U.S. adds 20,000 jobs in February, including 4,100 in accounting

Employers added only 20,000 jobs in February, the U.S. Bureau of Labor Statistics reported Friday, including 4,100 in accounting and bookkeeping services, although the unemployment rate fell two-tenths of a percent to 3.8 percent and average wages also increased.

Employment in professional and business services, such as accounting, along with health care and wholesale trade continued to trend upward last month, but construction employment decreased.

The number of unemployed fell by 300,000 to 6.2 million, though the labor force participation rate held at 63.2 percent in February and has changed little so far this year. Average hourly earnings rose by 11 cents to $27.66, after a 2-cent gain in January. Over the course of the year, average hourly earnings have increased 3.4 percent. Average hourly earnings of private-sector production and nonsupervisory employees also increased 8 cents to $23.18 in February.

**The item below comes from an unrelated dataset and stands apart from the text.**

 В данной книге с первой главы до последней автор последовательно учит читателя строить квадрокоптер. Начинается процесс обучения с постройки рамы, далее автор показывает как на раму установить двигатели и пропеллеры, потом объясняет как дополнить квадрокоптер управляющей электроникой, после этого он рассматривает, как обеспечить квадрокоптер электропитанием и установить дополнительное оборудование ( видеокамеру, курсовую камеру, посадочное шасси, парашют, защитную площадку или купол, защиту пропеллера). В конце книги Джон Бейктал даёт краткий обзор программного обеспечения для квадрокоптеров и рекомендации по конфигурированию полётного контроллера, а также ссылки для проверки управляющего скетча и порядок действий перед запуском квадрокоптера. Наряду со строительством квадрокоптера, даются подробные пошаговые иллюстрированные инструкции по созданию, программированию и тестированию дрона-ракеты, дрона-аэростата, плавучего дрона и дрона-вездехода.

The Bureau of Labor Statistics also revised upward the employment numbers for December and January. For December, the number was revised upward from 222,000 to 227,000, and for January it went from 304,000 to 311,000. With the two revisions, employment gains in December and January combined were 12,000 more than the BLS had previously reported. Despite the upward revisions for December and January, the 20,000 jobs added last month came well below analyst forecasts.

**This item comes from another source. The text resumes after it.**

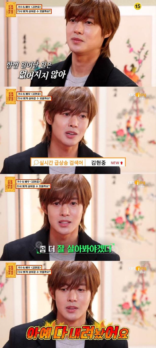 김현중은 '무엇이든 물어보살'에 출연해 "사람들의 시선이 신경 쓰인다. 나는 밝은 사람인데 점점 위축된다. 내 자신이 피해가 되는 사람이라는 생각이 들었다. 밝게 살아가고 싶다"는 고민을 털어놓았습니다.
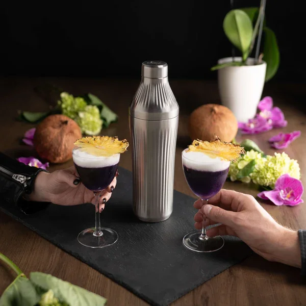 If you think mezcal isn’t your thing, today's cocktail might just change your mind. This eye-catching purple drink features a delightful blend of vodka, mezcal, and nigori sake.

Alan Jagnandan, vice president of major accounts at the staffing firm LaSalle Networks, prefers to take a long-term view of the hiring trends. “When you look at the trailing two months, with the 20,000 jobs added this month we’re still on average around 170,000 to 180,000 jobs per month,” he said. “I’m not seeing any of our clients slow down, specifically in the accounting and finance space. It’s quite the opposite. Part of it has to do with our overall economy getting closer to full employment, especially with degreed talent. Wages have gone up, which is the bright side of the report today, and that is definitely a trend that we’re seeing. Over the last 12 to 18 months, salaries in the finance and accounting space have gone up around 10 percent for degreed analysts and degreed accountants. But there’s also a scarcity for non-degreed, more clerical back-office roles. The demand is high, and there’s a scarcity of good talent. You’re seeing wages go up a couple of dollars an hour for those folks as well, which is sizable. I call it a talent arms race.”